Beginning at the line containing "Invitation aux Randos", give again every line through the end of the data, unchanged and with both ends included. Drop any pictures.

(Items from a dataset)
===============

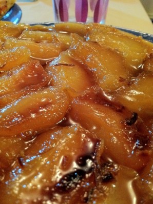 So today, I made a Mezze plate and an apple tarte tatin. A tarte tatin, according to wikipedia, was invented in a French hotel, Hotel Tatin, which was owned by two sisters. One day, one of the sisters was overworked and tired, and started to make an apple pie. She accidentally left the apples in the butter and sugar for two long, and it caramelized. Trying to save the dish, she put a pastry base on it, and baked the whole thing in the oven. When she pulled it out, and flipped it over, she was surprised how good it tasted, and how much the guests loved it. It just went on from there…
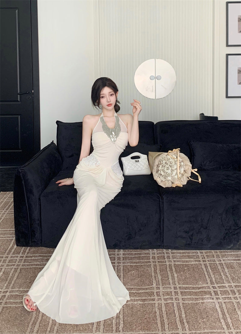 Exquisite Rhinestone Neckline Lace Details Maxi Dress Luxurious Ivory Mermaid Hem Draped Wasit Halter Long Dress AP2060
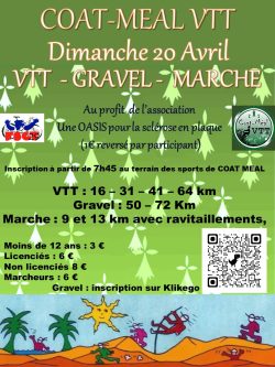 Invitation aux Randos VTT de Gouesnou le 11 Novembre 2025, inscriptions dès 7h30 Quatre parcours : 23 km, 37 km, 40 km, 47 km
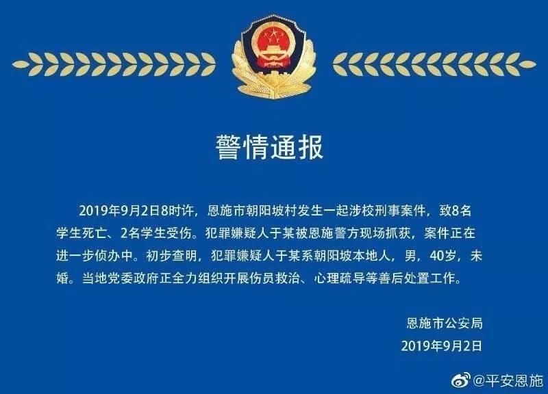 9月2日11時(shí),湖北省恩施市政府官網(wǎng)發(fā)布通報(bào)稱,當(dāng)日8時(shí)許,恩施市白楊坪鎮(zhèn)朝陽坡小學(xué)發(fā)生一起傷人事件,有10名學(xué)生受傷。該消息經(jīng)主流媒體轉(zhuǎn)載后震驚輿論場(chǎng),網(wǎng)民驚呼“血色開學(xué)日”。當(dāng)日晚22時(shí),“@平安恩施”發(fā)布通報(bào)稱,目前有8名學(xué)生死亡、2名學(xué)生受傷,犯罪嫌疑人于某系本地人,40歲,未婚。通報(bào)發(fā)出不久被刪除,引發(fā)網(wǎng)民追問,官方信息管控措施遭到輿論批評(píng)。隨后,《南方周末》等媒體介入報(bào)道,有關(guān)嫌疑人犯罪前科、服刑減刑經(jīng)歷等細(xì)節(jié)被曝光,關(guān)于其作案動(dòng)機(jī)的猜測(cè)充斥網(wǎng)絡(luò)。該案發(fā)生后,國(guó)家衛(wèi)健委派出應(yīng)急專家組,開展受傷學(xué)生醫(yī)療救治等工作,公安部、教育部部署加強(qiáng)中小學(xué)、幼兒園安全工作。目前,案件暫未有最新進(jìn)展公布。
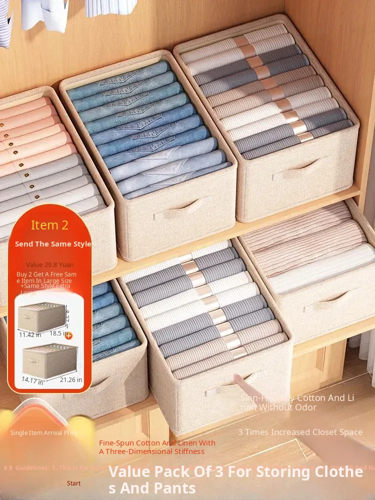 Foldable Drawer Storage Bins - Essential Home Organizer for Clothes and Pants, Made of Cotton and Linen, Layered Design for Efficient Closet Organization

===============

▸ Answer space:
 Invitation aux Randos VTT de Gouesnou le 11 Novembre 2025, inscriptions dès 7h30 Quatre parcours : 23 km, 37 km, 40 km, 47 km
 9月2日11時(shí),湖北省恩施市政府官網(wǎng)發(fā)布通報(bào)稱,當(dāng)日8時(shí)許,恩施市白楊坪鎮(zhèn)朝陽坡小學(xué)發(fā)生一起傷人事件,有10名學(xué)生受傷。該消息經(jīng)主流媒體轉(zhuǎn)載后震驚輿論場(chǎng),網(wǎng)民驚呼“血色開學(xué)日”。當(dāng)日晚22時(shí),“@平安恩施”發(fā)布通報(bào)稱,目前有8名學(xué)生死亡、2名學(xué)生受傷,犯罪嫌疑人于某系本地人,40歲,未婚。通報(bào)發(fā)出不久被刪除,引發(fā)網(wǎng)民追問,官方信息管控措施遭到輿論批評(píng)。隨后,《南方周末》等媒體介入報(bào)道,有關(guān)嫌疑人犯罪前科、服刑減刑經(jīng)歷等細(xì)節(jié)被曝光,關(guān)于其作案動(dòng)機(jī)的猜測(cè)充斥網(wǎng)絡(luò)。該案發(fā)生后,國(guó)家衛(wèi)健委派出應(yīng)急專家組,開展受傷學(xué)生醫(yī)療救治等工作,公安部、教育部部署加強(qiáng)中小學(xué)、幼兒園安全工作。目前,案件暫未有最新進(jìn)展公布。
 Foldable Drawer Storage Bins - Essential Home Organizer for Clothes and Pants, Made of Cotton and Linen, Layered Design for Efficient Closet Organization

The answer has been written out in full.